- Records provided:
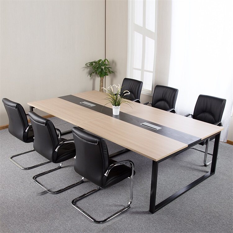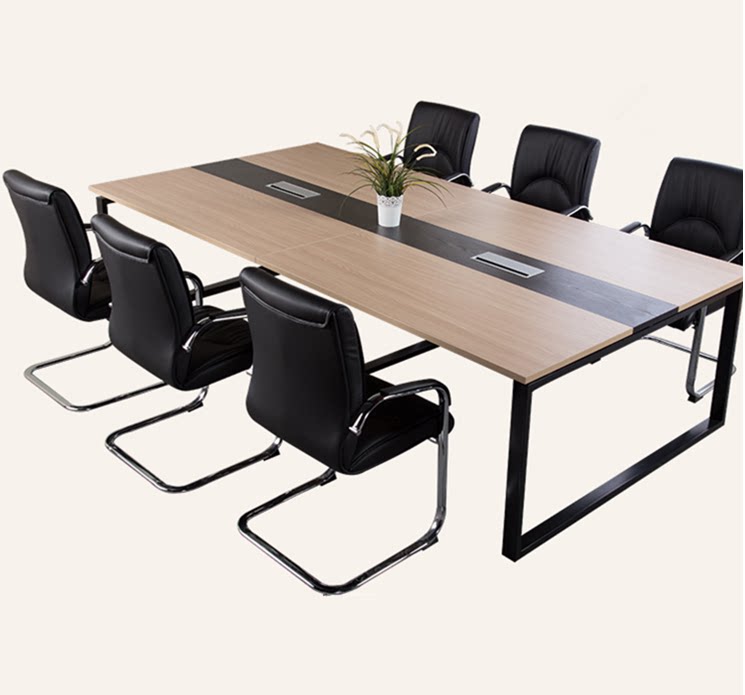 Rectangular negotiation table, desk furniture, atmospheric conference table, steel and wood, large conference tables and chairs, modern simplicity
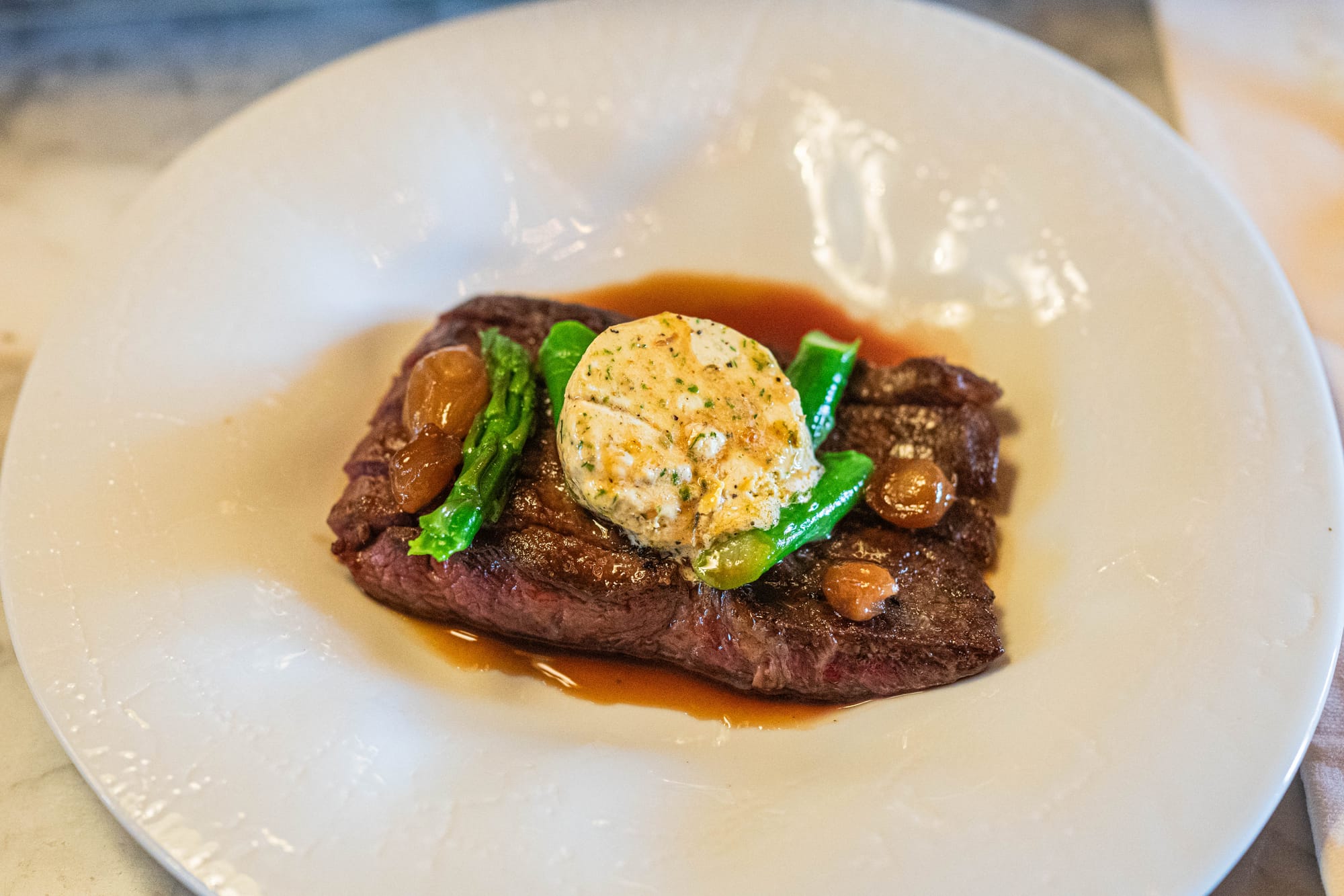 메트르 도텔 버터를 얹은 스테이크는 낡고 무거운 요리라는 인식 때문인지 찾아보기 어려운 요리가 되었지만, 메트르 도텔 버터나 베아르네즈같은 느낌으로 연출하는 육류 요리가 가지는 분명한 매력이 있다는 것을 보여준다. 쇠고기라면 jus가 법이 된 시대에 그 예외를 만날 수 있는 것이 얼마나 반가운가.
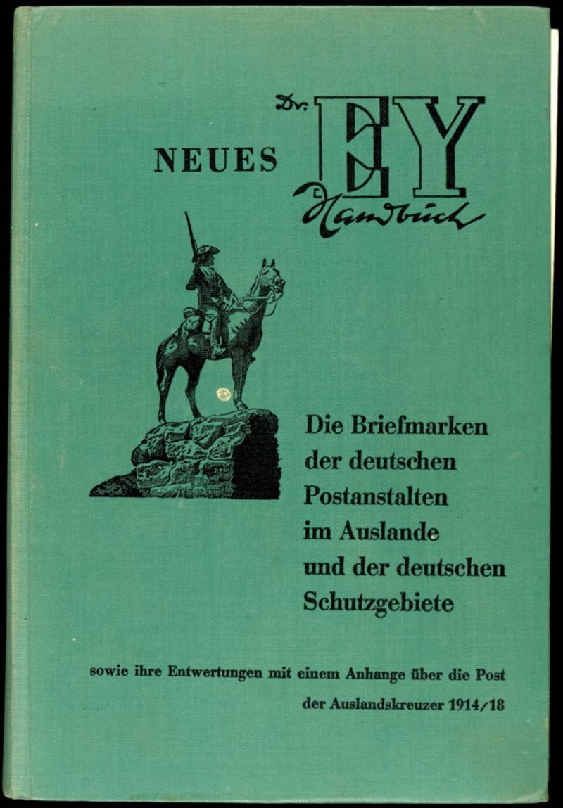 Dr. Ey handbook \the postage stamps of the German postal service institutes in the foreign country and of the German protectorate as well her cancellations\, 3. edition from 1964, 235 sides Dr. Ey-Handbuch \Die Briefmarken der deutschen Postanstalten im Auslande und der deutschen Schutzgebiete sowie ihre Entwertungen\, 3. Auflage von 1964, 235 Seiten (Image)
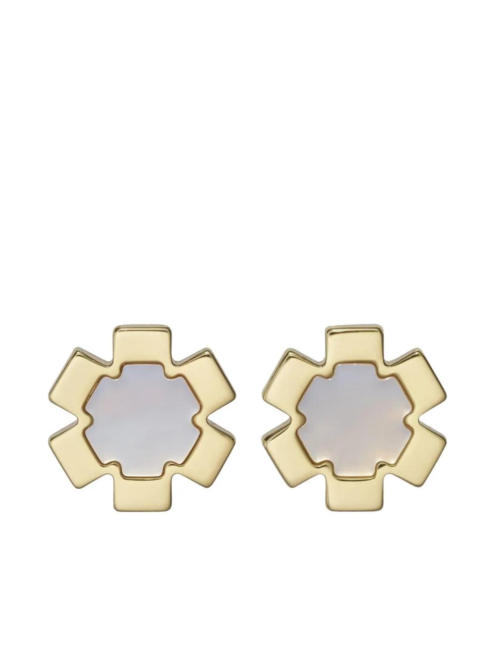 gold-tone mother-of-pearl detail stud style flower shape post back fastening These earrings come as a pair. Normal everyday use and external agents may reduce the lustre of gemstones and gold surfaces. To maintain, use specific, non-abrasive products specially meant for cleaning jewellery.
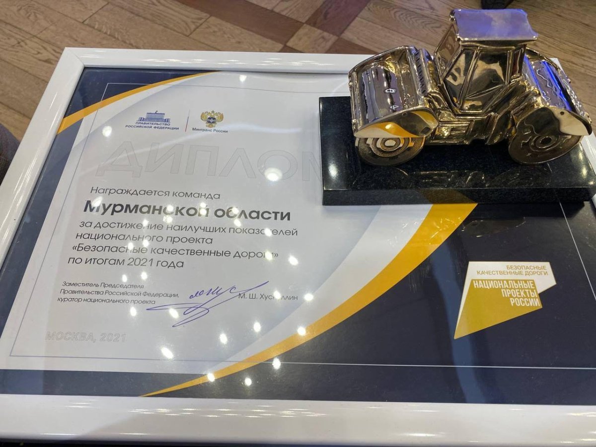 Мурманскую область отметили за достижение наилучших показателей национального проекта "Безопасные качественные дороги" по итогам 2021 года. Диплом правительства Российской Федерации и минтранса РФ за подписью председателя правительства Марата Хуснуллина доставят в регион. Награждение команды Мурманской области состоялось в рамках "Транспортной недели" в Москве.
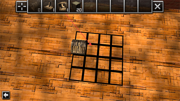 1、在建造界面,选择不同的方块如木质方块,在网格区域放置方块,搭建建筑或防御工事。
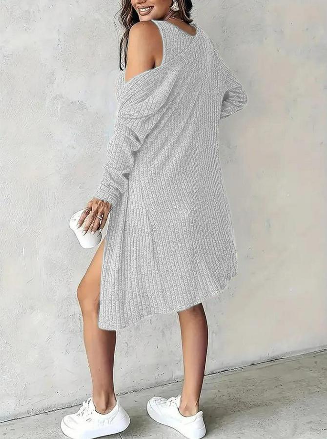 Askılı Yuvarlak Yakalı Önü Düğmeli Şardonlu Kaşkorse Mini Elbise Ve Kısa Ceket
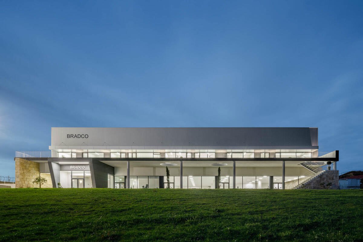 As requested, from the beginning by the customer, the intention was not to link the image of the Industrial Unit to a mere “warehouse”, but rather an architectural landmark that would represent the brand in the best possible way in the municipality. In the elevation facing north, since it does not have any type of opening and the main entrance to the building is on the opposite side (south), a more dynamic and more representative elevation of the “BRADCO” brand was chosen. So it works as a showcase for those who pass by. Also used was the characteristic stone of the region (granite) to cover some sections of façades.
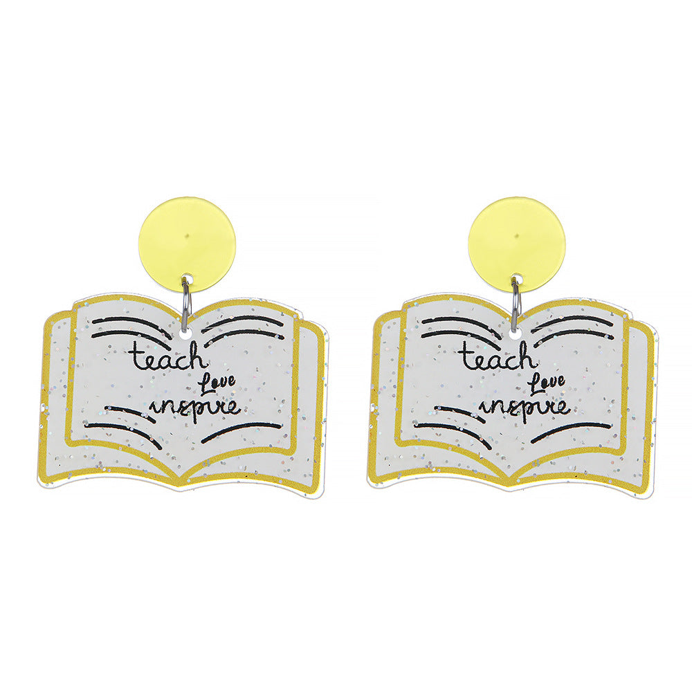 Wholesale Teacher' s Day Pencils Apples Books Cartoon Contrasting Acrylic Earrings
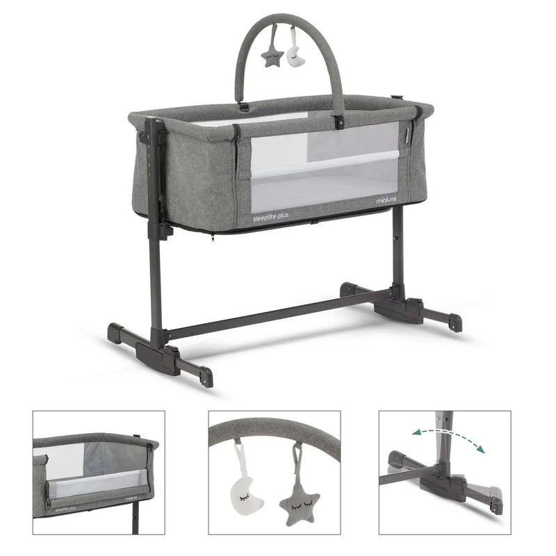 SleepTite Plus also features a delightful toy bar with 2x toys and rocking feet attachments to create a soothing rocking motion. The height adjusters on each side can be set at different angles to slightly tilt the crib which helps prevent infant reflux.

- Directions: Transcribe exactly and only the lines from the top of the records through the line containing "As requested, from", inclusive, and do not copy the pictures.

- Exercise solution:
 Rectangular negotiation table, desk furniture, atmospheric conference table, steel and wood, large conference tables and chairs, modern simplicity
 메트르 도텔 버터를 얹은 스테이크는 낡고 무거운 요리라는 인식 때문인지 찾아보기 어려운 요리가 되었지만, 메트르 도텔 버터나 베아르네즈같은 느낌으로 연출하는 육류 요리가 가지는 분명한 매력이 있다는 것을 보여준다. 쇠고기라면 jus가 법이 된 시대에 그 예외를 만날 수 있는 것이 얼마나 반가운가.
 Dr. Ey handbook \the postage stamps of the German postal service institutes in the foreign country and of the German protectorate as well her cancellations\, 3. edition from 1964, 235 sides Dr. Ey-Handbuch \Die Briefmarken der deutschen Postanstalten im Auslande und der deutschen Schutzgebiete sowie ihre Entwertungen\, 3. Auflage von 1964, 235 Seiten (Image)
 gold-tone mother-of-pearl detail stud style flower shape post back fastening These earrings come as a pair. Normal everyday use and external agents may reduce the lustre of gemstones and gold surfaces. To maintain, use specific, non-abrasive products specially meant for cleaning jewellery.
 Мурманскую область отметили за достижение наилучших показателей национального проекта "Безопасные качественные дороги" по итогам 2021 года. Диплом правительства Российской Федерации и минтранса РФ за подписью председателя правительства Марата Хуснуллина доставят в регион. Награждение команды Мурманской области состоялось в рамках "Транспортной недели" в Москве.
 1、在建造界面,选择不同的方块如木质方块,在网格区域放置方块,搭建建筑或防御工事。
 Askılı Yuvarlak Yakalı Önü Düğmeli Şardonlu Kaşkorse Mini Elbise Ve Kısa Ceket
 As requested, from the beginning by the customer, the intention was not to link the image of the Industrial Unit to a mere “warehouse”, but rather an architectural landmark that would represent the brand in the best possible way in the municipality. In the elevation facing north, since it does not have any type of opening and the main entrance to the building is on the opposite side (south), a more dynamic and more representative elevation of the “BRADCO” brand was chosen. So it works as a showcase for those who pass by. Also used was the characteristic stone of the region (granite) to cover some sections of façades.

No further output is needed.